Он поставил кастрюльку на стол и заглянул под крышку.
— Ну? — спросил Мазукта.
— Ничего, — разочарованно протянул Шамбамбукли и выплеснул первичный бульон в мойку. — Но почему? Я же всё делал по рецепту! А там прямым текстом написано, что всё должно получиться!
— Здесь немного не так написано, — возразил Мазукта, водя пальцем по тексту. — Здесь написано, что если вы будете настойчивы и старательны, нигде не ошибетесь ни на йоту и в точности будете следовать инструкциям, то с высокой степенью вероятности жизнь зародится сама собой… минутку, тут сноска. Ага, «высокая степень вероятности» — это примерно одна двухсотмиллионная. Сколько ты уже попыток предпринял?
— Восемь тысяч, — убитым голосом произнес Шамбамбукли. — Приблизительно.
— Осталось еще сто миллионов девятьсот девяносто две тысячи! — ободрил его Мазукта. — Продолжай в том же духе. И жизнь возникнет сама собой.
* * *— А чем это там люди занимаются? — с интересом пригляделся демиург Шамбамбукли.

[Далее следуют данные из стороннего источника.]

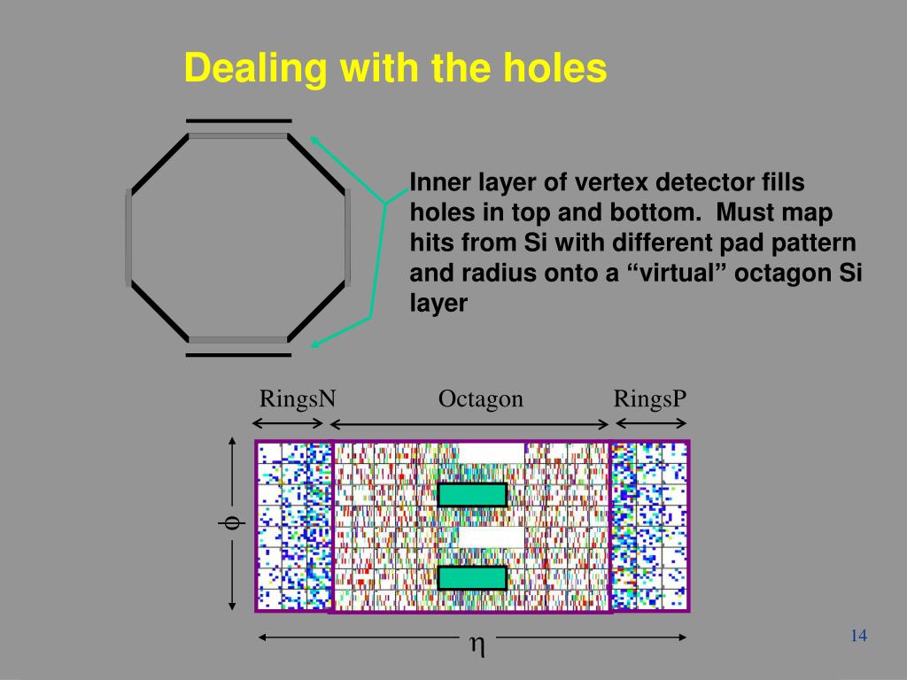 Inner layer of vertex detector fills holes in top and bottom. Must map hits from Si with different pad pattern and radius onto a “virtual” octagon Si layer RingsN Octagon RingsP f h Dealing with the holes Winter Workshop - Jamaica - S. Manly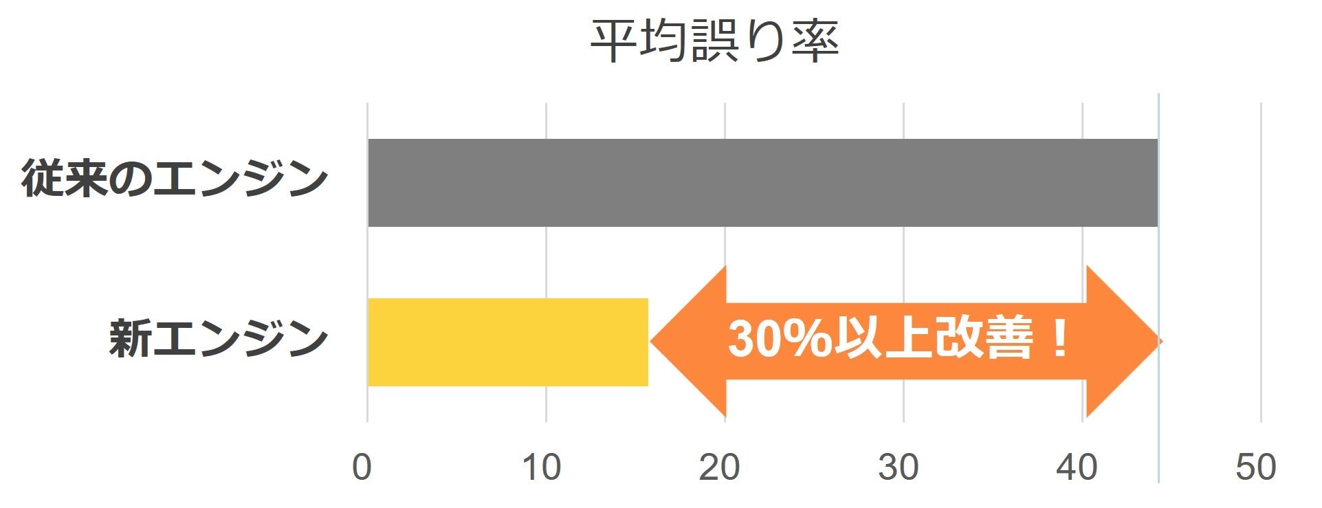 従来のエンジンと新エンジンを比較した自社性能評価の結果、新エンジンでは平均誤り率が大幅に改善されました。特に「人名」「住所」「短文」の3シーンで、30%以上の誤り率改善※を確認できています。
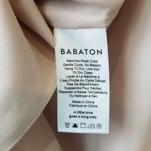 V essential. Babaton's version of the t-shirt blouse has a streamlined silhouette that is cut to hang off the body. It’s made from a lightweight fabric with a beautiful drape.

— У них там стройка века, — пренебрежительно отозвался демиург Мазукта. — Строят большой телескоп.
— Да? А зачем?
— Чтобы найти братьев по разуму, — Мазукта фыркнул. — Можно подумать, им собственных братьев мало! Нет, ты подумай: ну что они с этими братьями по разуму будут делать? Ведь, кажется, сколько раз я им давал такую возможность…
— Какую возможность? — удивился Шамбамбукли.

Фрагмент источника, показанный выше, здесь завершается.